In SLA and DLP 3D printing processes, the objects are built up layer by layer using a liquid printing resin. The thickness of each individual layer is typically only 25–100 µm, depending on the settings. As a result, the pieces produced are very detailed and have a fine surface structure. The liquid material is cured layer by layer by exposure to light, i.e. UV radiation. In order for the layers to adhere to each other, the light must pass through the layer being cured and into the layers that have already solidified. Only this way can the current and previous layers chemically bond and become a single solid object.
This phenomenon is known as overcuring. For the reasons just described, this overcuring is necessary and cannot be completely avoided.
However, overcuring can become a problem when the 3D model contains a hole or cavity in its z axis, i.e. its vertical direction. At the moment when this cavity is closed, there is no previous layer to which the current curing layer can adhere. Instead, the light radiates into the liquid resin in the area of the 3D model where there should be a cavity. The liquid resin is cured by the light and forms an unwanted structure in the area of the cavity. At worst, small holes or channels are completely blocked.
Printing with light: DLP, SLA, LCD
Modern resin-based 3D printing works on the principle of photopolymerization. In other words: light-sensitive liquid resins are cured with the aid of a light source.

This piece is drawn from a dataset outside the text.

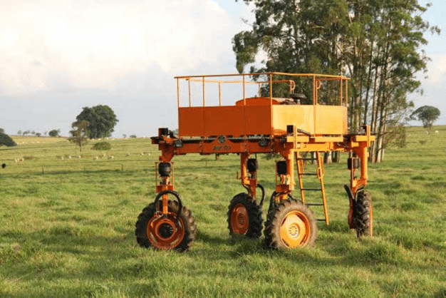 Na Escola de Engenharia de São Carlos (EESC), Universidade de São Paulo (USP), existem dois robôs móveis autônomos em desenvolvimento para coleta de dados e suporte à Agricultura de Precisão (figura 1), ambos com quatro rodas com tração independente. A velocidade e o esterçamento das rodas são controlados individualmente por controladores independentes interligados a uma rede CAN baseada nos padrões SAE J1939 e ISOBUS. Já a coordenação de movimentos das rodas para locomover o veículo, denominado no contexto desse projeto como controle de condução, é feito por um computador embarcado em cada robô. Esse computador embarcado se conecta à rede CAN para se comunicar com os controladores individuais das rodas e assim locomover o robô e esterçar suas rodas sem problemas de arrasto, utilizando os princípios da direção de Ackerman.
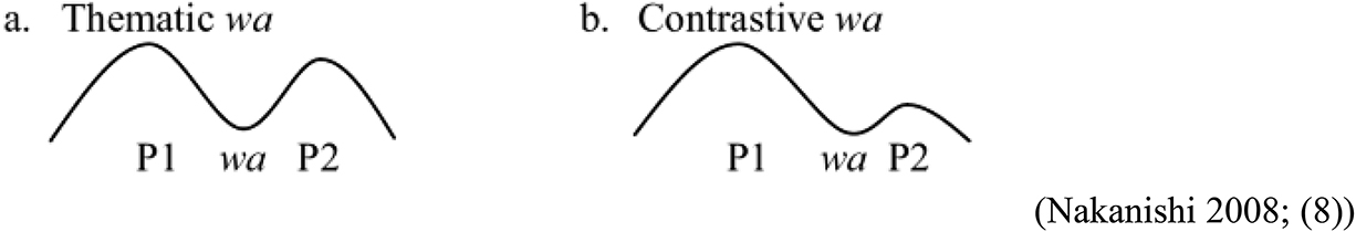 Japanese topic marker -wa has dual meanings; Thematic Topic (TT) -wa and Contrstive Topic -wa. The thematic -wa is characterized by having an intact pitch accent in the rest of the sentence (typically the predicate), as depicted in the following diagram by Nakanishi (2008). Since -wa is a topic marker, it can be attached to other elements than the subject of a sentence (e.g., object).

To achieve this, a building plate in the 3D printer is immersed in a container of liquid resin and is moved vertically, allowing the object to be built up layer by layer on the plate. Depending on the process, the entire layer is either cured all at once (DLP) or point by point (SLA). As soon as a layer is finished, the process is repeated at a slightly altered height until all layers are printed and firmly bonded together to form an object. The key difference between the processes is the type of light source used. In stereolithography, known as SLA, ultraviolet light is projected by a laser beam. Digital light processing (DLP) works with a projector instead of a laser. And LCD technology uses an LCD screen as a pixel mask.
Let’s take a closer look at the two most commonly used processes, SLA and DLP …
Stereolithography (SLA)
This 3D printing technology was the first to emerge and was developed in the 1980s by American physicist Chuck Hull. In stereolithography, UV light is projected by a laser beam to solidify the liquid photopolymer resin, which is held in a tank. To create the object to be constructed, the UV laser beam draws the desired form on the surface of the resin point by point and solidifies it.
For some time, SLA technology was quite complex and its use was limited to a rather small, exclusive group of users. Now, however, it has become much more cost-effective and user friendly. The performance of these types of 3D printers has improved significantly in terms of speed as well as in print volume.
Digital Light Processing (DLP)
In digital light processing, DLP, the object is created using a digital light processor that acts as a UV light source and solidifies the photosensitive resin. In contrast to the SLA process, the resin is cured in entire layers rather than point by point.
The projector in a 3D printer may, for example, be a video projector. Its resolution defines the precision of the 3D printing. Because each layer is completely cured all at once, the DLP printing speed is usually faster than that of other 3D printing methods. Today, the DLP and SLA technologies are used primarily for objects requiring a high level of detail and a particularly smooth surface.